Hey, do any of you know where there are some decent maps of moria?


----------



## Maeglin (Oct 26, 2005)

I'm not sure if any maps of Moria have been made, have you tried searching the forums? Perhaps in one of the books of Tolkien maps out there there is something about Moria. I don't know the names of any of the books off the top of my head though.


----------



## Alatar (Oct 26, 2005)

I've seen one before from atlas of middle earth, it was good, but I can't find it anymore.


----------



## Wonko The Sane (Jan 23, 2006)

The Atlas of Middle-Earth has maps of sections of Moria on pages 129-130.

These are, I gather, gleaned from descriptions of the Fellowship's journey through the mines, rather than any drawings Tolkien himself made. 

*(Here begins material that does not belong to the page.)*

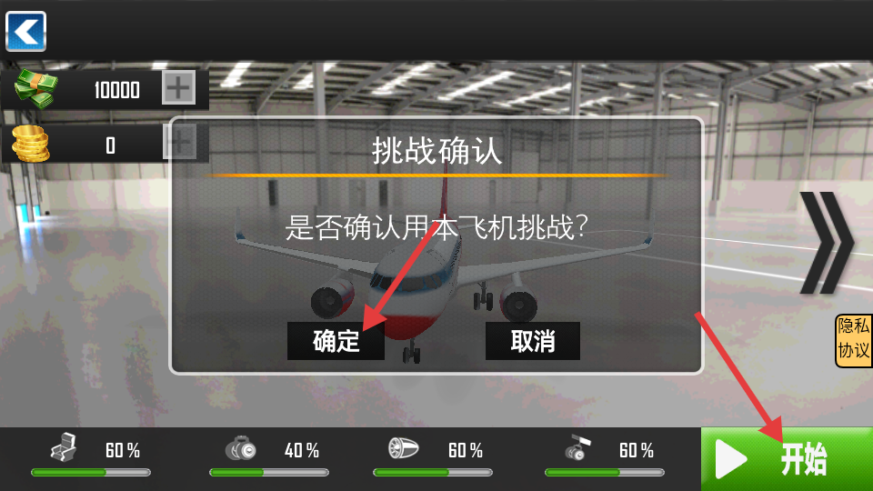 2、進(jìn)入飛機(jī)選擇界面,點(diǎn)擊開(kāi)始會(huì)彈出挑戰(zhàn)確認(rèn)窗口,詢問(wèn)玩家是否確認(rèn)用當(dāng)前飛機(jī)挑戰(zhàn),點(diǎn)擊確定確認(rèn)使用當(dāng)前飛機(jī)開(kāi)啟挑戰(zhàn)。

There isn't much. A large aerial view of Caradhras showing the paths the Fellowship and Gandalf travelled and how they relate to the outside of the Mountain.
Then there's a small map of what appears to be the pool and the gates to Moria. Then there's a map fo the great hall and the Chamber of Records, etc. and one of Durin's tower.

All very small, and the interior bits of Moria are woefully incomplete. The one of the halls of Moria is just a sort of floorplan of the halls the fellowship reach towards the end of their journey, and the other one of Durin's tower is a sort of cross-section which doesn't make much sense.

It's probably not what you're looking for. I don't know anywhere where you could find a map of Moria's extent though.


----------